Actuellement peu d’icônes, de cette taille sont écrites, sauf celle pour une iconostase d’une église. Il y a des monastères Orthodoxes ou même des églises en France où l’on peint encore de très grandes fresques comme le monastère St Antoine le Grand dans le Vercors ou une église en Corse.

– La planche dégrossie : ponçage de l’envers, des côtés des arêtes.
– La cuvette creusée au ciseau à bois (si exécution en cuvette)
– La surface griffée pour une bonne adhérence des enduits.
– Encollage avec de la colle de peaux, à chaud attendre 6 à 12 heures.
– La toile : marouflage à chaud attendre 6 à 12 heures.
– Enduction à la levka chaude (12 à 15 couches séparées par 6 à 12 heures) ponçage sommaire entre chaque couche.
– Ponçage et surfaçage de la dernière couche.
– Dessin ou report du dessin original par le calque et gravure à la pointe sèche

L’iconographe commence toujours par poser les fonds d’or. Car Dieu dit : « Que la lumière soit, et la lumière fut » (Genèse. 1.3). L’OR a été choisi pour symboliser cette lumière incréée, parce que l’or est une matière qui ne se détériore pas, ne rouille pas, reste toujours lumineuse (l’or est lumière).
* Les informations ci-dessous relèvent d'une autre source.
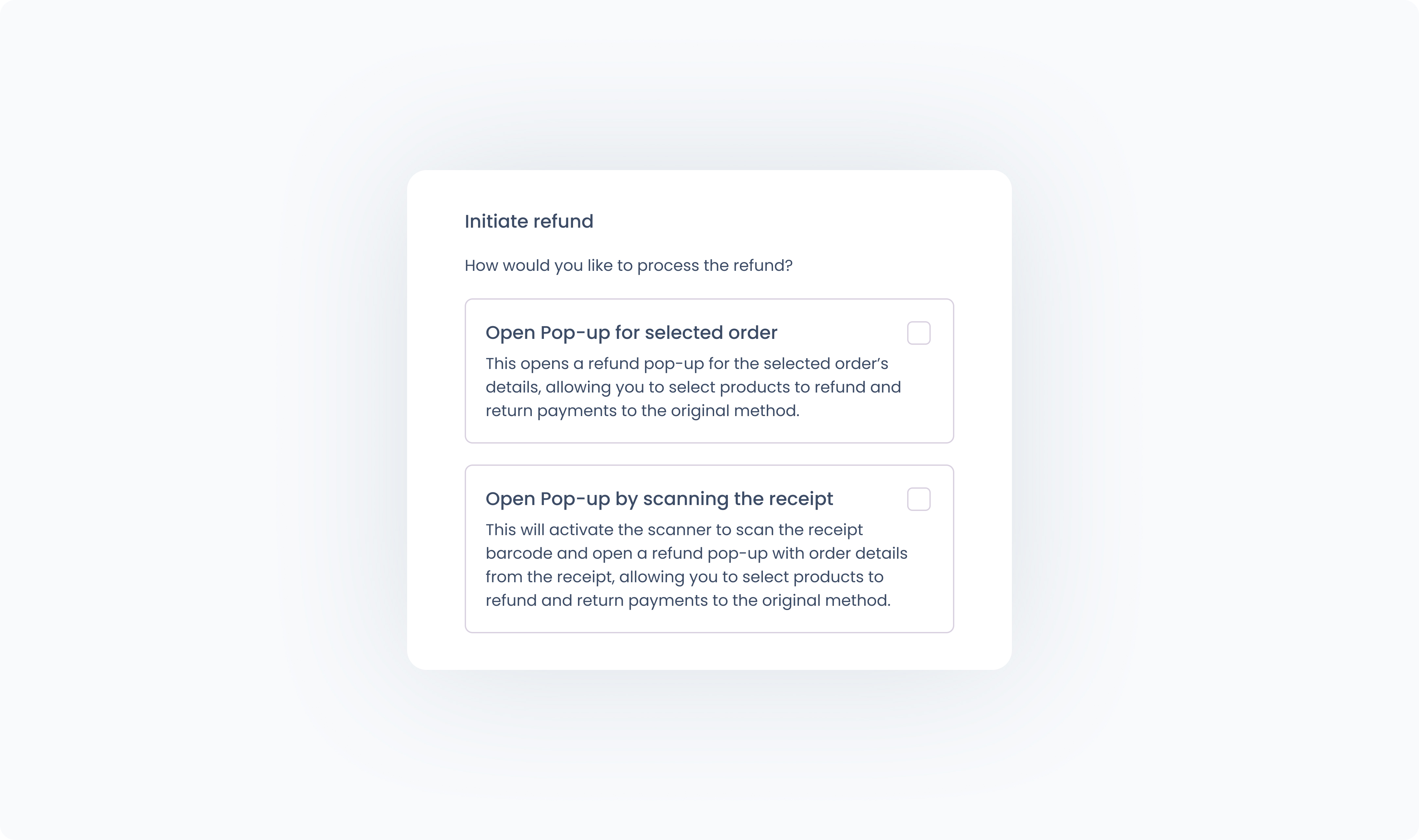 This activates the device's scanner and after that, opens the same refund dialog, prefilled with order data from the scanned receipt. It’s a quick way to process refunds using printed or digital receipt barcodes.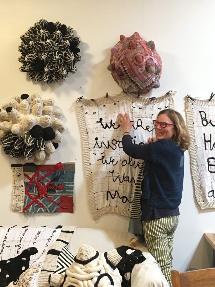 The five featured artists are Frances Arnold, Lori Goldman, Emily Marks, Janet McBeen and Hella Merrill. The artists all work in embroidery, crochet, knitting, twisting and weaving; and they specialize in creating repetitive patterns, applying one material on another and using unusual and unexpected materials.

Il a été choisi aussi par rapport au soleil, car il est la lumière créée, qui donne la vie à toute la terre , la lumière incréée donne la vie à toute créature.
Ainsi l’Icône transcende le temps et l’espace en plaçant tous les mystères dans la lumière (dans l’or) : en plaçant tout en Dieu. L’icône nous aide à prendre conscience de  » l’Éternel présent « . En plaçant le mystère en Dieu, l’Icône rend le Mystère  » présent  » à notre propre existence. – Dieu est présent à chacun, quelle que soit sa mentalité, sa culture, son degré de compréhension, etc.…
L’iconographie est une prière, c’est le long apprentissage de la prière concrète, silencieuse, non pas par un ressenti (intellectuel) mais par une relation directe avec la personne que l’iconographe est en train d’écrire. C’est à ce niveau là que la prière devient vivante, réelle, elle est constitutive de soi, elle devient prière intérieure. Le plus difficile pour l’iconographe est de laisser la place au Saint et non à soi. C’est en cela que l’iconographie est une école d’humilité.